• Exercise brief:
Please copy the listing that follows exactly, leaving out any pictures.

• Provided material:

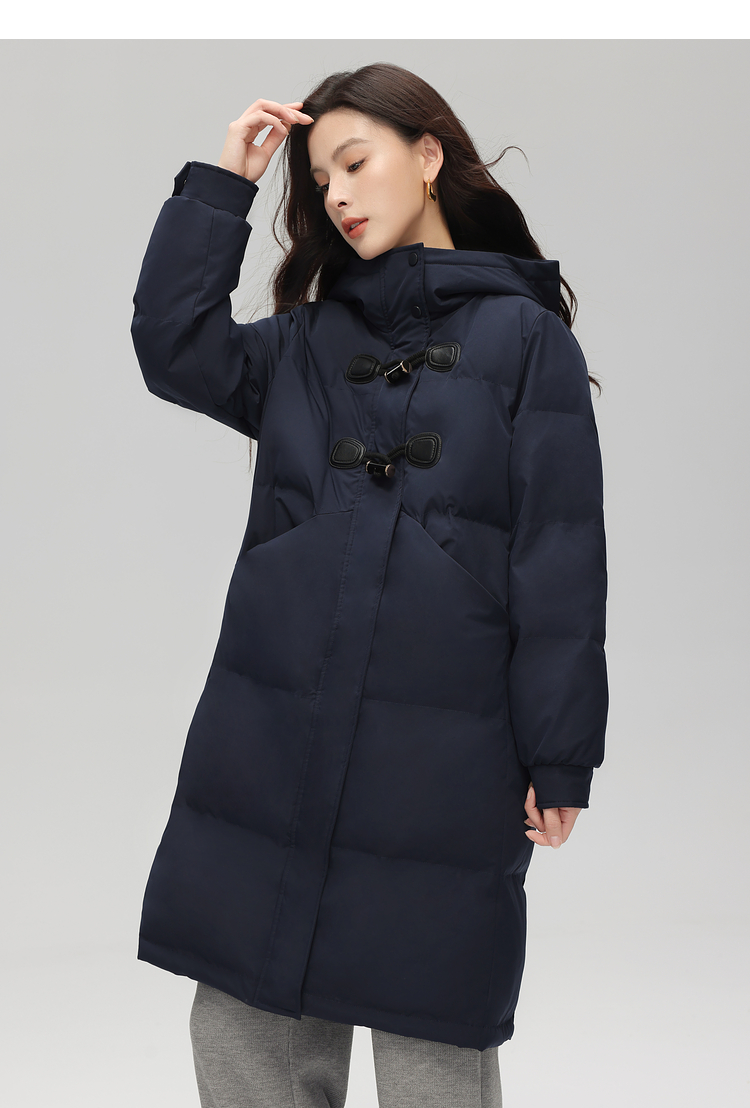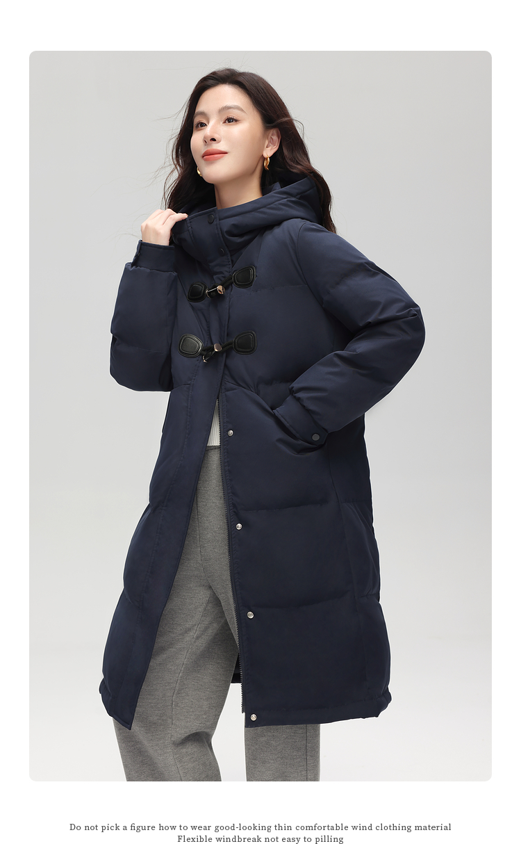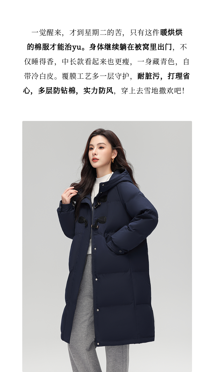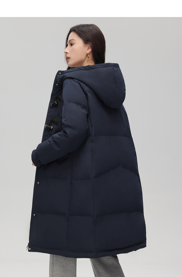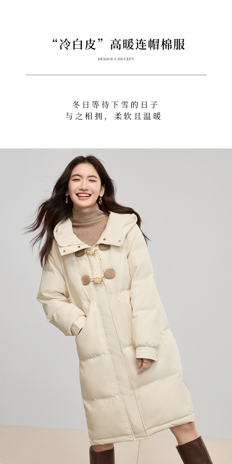 【年终特卖】熙世界牛角扣羽绒棉服女冬季2025年新款中长款连帽棉衣棉袄厚外套
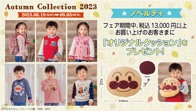 また、商品の発売にあわせて、店頭およびバンダイナムコグループ公式通販サイト「プレミアムバンダイ内アンパンマンキッズコレクションオンラインショップ」( https://p-bandai.jp/anpanman-kids/ )にて対象商品を13,000円(税込)以上お買い上げのお客様に「オリジナルクッション」をプレゼントするキャンペーンを実施いたします。
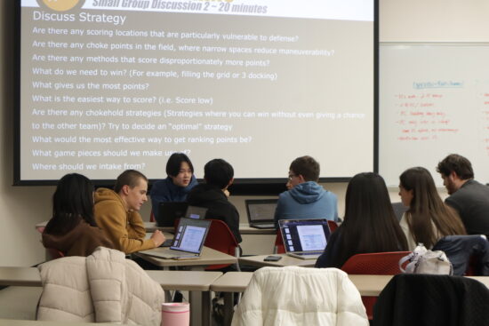 On December 11th, Team Neutrino hosted a mock kickoff meeting to prepare team members for the upcoming 2026 FRC season. Students were first split into groups to analyze parts of the 2020 Infinite Recharge game manual. The information each group considered most important from their respective sections was then put into lists for the other groups to see and understand. The students then conversed within their groups about strategy for the Infinite Recharge game based on the information they learned. They answered questions about point scoring, arena maneuvering vulnerability, and more. Based on their answers to the questions, the team members came together and decided on needs, want, nice-to-haves, and no’s in their strategy for the 2020 game. Together, they had fun, discussed different possibilities for strategy, and developed a better understanding of how Team Neutrino’s real kickoff day will look like in January.
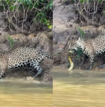Onça-pintada é flagrada capturando sucuri em rio no Pantanal; veja vídeo

• Answer space:
 【年终特卖】熙世界牛角扣羽绒棉服女冬季2025年新款中长款连帽棉衣棉袄厚外套
 また、商品の発売にあわせて、店頭およびバンダイナムコグループ公式通販サイト「プレミアムバンダイ内アンパンマンキッズコレクションオンラインショップ」( https://p-bandai.jp/anpanman-kids/ )にて対象商品を13,000円(税込)以上お買い上げのお客様に「オリジナルクッション」をプレゼントするキャンペーンを実施いたします。
 On December 11th, Team Neutrino hosted a mock kickoff meeting to prepare team members for the upcoming 2026 FRC season. Students were first split into groups to analyze parts of the 2020 Infinite Recharge game manual. The information each group considered most important from their respective sections was then put into lists for the other groups to see and understand. The students then conversed within their groups about strategy for the Infinite Recharge game based on the information they learned. They answered questions about point scoring, arena maneuvering vulnerability, and more. Based on their answers to the questions, the team members came together and decided on needs, want, nice-to-haves, and no’s in their strategy for the 2020 game. Together, they had fun, discussed different possibilities for strategy, and developed a better understanding of how Team Neutrino’s real kickoff day will look like in January.
Onça-pintada é flagrada capturando sucuri em rio no Pantanal; veja vídeo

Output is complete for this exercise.